Cryptology is the science of data encryption. It consists of two subdisciplines, cryptography (= coding) and cryptanalysis (= cracking).

Cryptography is basically about finding an algorithm that allows you to code (encrypt) data in such a way that only some particular recipients will be able to decode and read it, while all other people will have no chance to restore the unencrypted data. Cryptanalysis, by contrast, is the discipline of decoding the encrypted data even though you don't have the necessary information (i.e. decoding algorithm or, in more advanced cryptography, decoding key).

Simple Coding Schemes

Most introductions to cryptology start with Caesar's code. This one makes no exception. Caesar's code was used by the army of the acient Romans for the transfer of secret text messages. It was very simple: Every character was shifted by three, i.e. A became D, B became E and so on. Thus the unencoded string "CAESAR" would become "FDHVDU". In order to decode an encrypted string, the recipient only had to do the reverse operation. [1]

Caesar's code could be implemented by using the ADD/SUB (plus/minus) or INC/DEC operators. Apply the same operation (e.g. ADD x, 3) to every character of a file, and you'll thus encode the file with a Caesar-like code; in order to decode it, apply the reverse operation (e.g. SUB x, 3) to every character.
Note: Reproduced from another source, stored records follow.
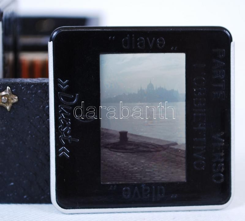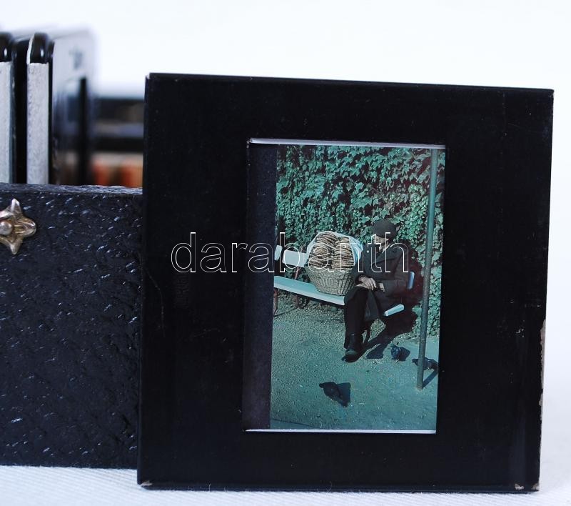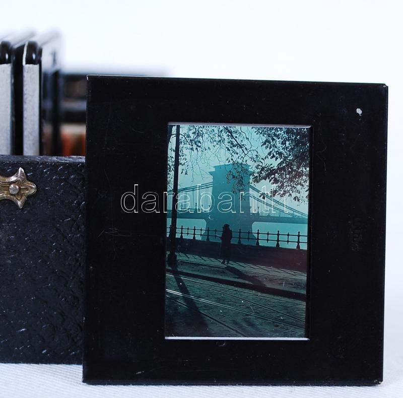 cca 1940 kb 50db diapozitív budapesti városképekkel (főleg a Budai Várról) korabeli tároló dobozban /
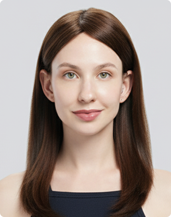 Gracias a la calidad del cabello natural y al diseño personalizado de la base, el resultado es una apariencia completamente realista y natural desde cualquier ángulo.
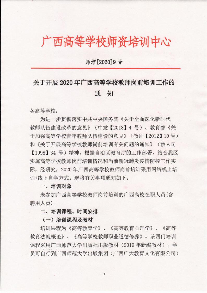 关于开展2020年广西高等学校教师岗前培训工作的通知

The standard set of operators of a modern CPU also gives you a couple of other possibilities to implement such a primitive coding scheme. E.g., one of the most popular coding schemes utilizes the XOR operator. [2] In contrast to other binary operators such as AND and OR, XOR is reversible, i.e.: (a XOR key) XOR key = a. Try the same with AND or OR and you'll see it won't work. This primitive scheme was used to encode the textures in the demos "Iconoclast" and "Animal attraction" by ASD. You can decode the textures by simply performing the operation "XOR 63" to each character in each .jpg file. This is exactly what my program xor_dec.cpp, which is included in the bonus pack to this issue of Hugi (h32bonus.zip), is doing.

Another type of operator you could use is the rotation operators - ROL and ROR. Moreover, you could also use NOT. In fact, NOT a = a XOR a. You cannot, however, use shift operators (SHL and SHR) since these aren't reversible.

After taking a glance at the cryptographic aspects of these simple coding algorithms, let's now think about the cryptanalytic part.

How to crack such simple schemes

Imagine you have a file that seems to be encrypted but you don't know how. However, you suspect that it's just a simple scheme like the ones presented above. You don't know what kind of file it is and thus have no idea what file format it might be is in, though.

First of all, how can you make sure that it's such a scheme? It's possible by means of statistical evaluation. I admit I don't know myself where to get this data, but I'm sure there is some statistical data on the typical distribution of various characters in files of different types (e.g. .txt, .jpg, .mp3 etc.) available somewhere on the Net. You could do such statistical analysis yourself and then check if there's a match. If there is a strong match, then you might have already discovered the coding scheme this way!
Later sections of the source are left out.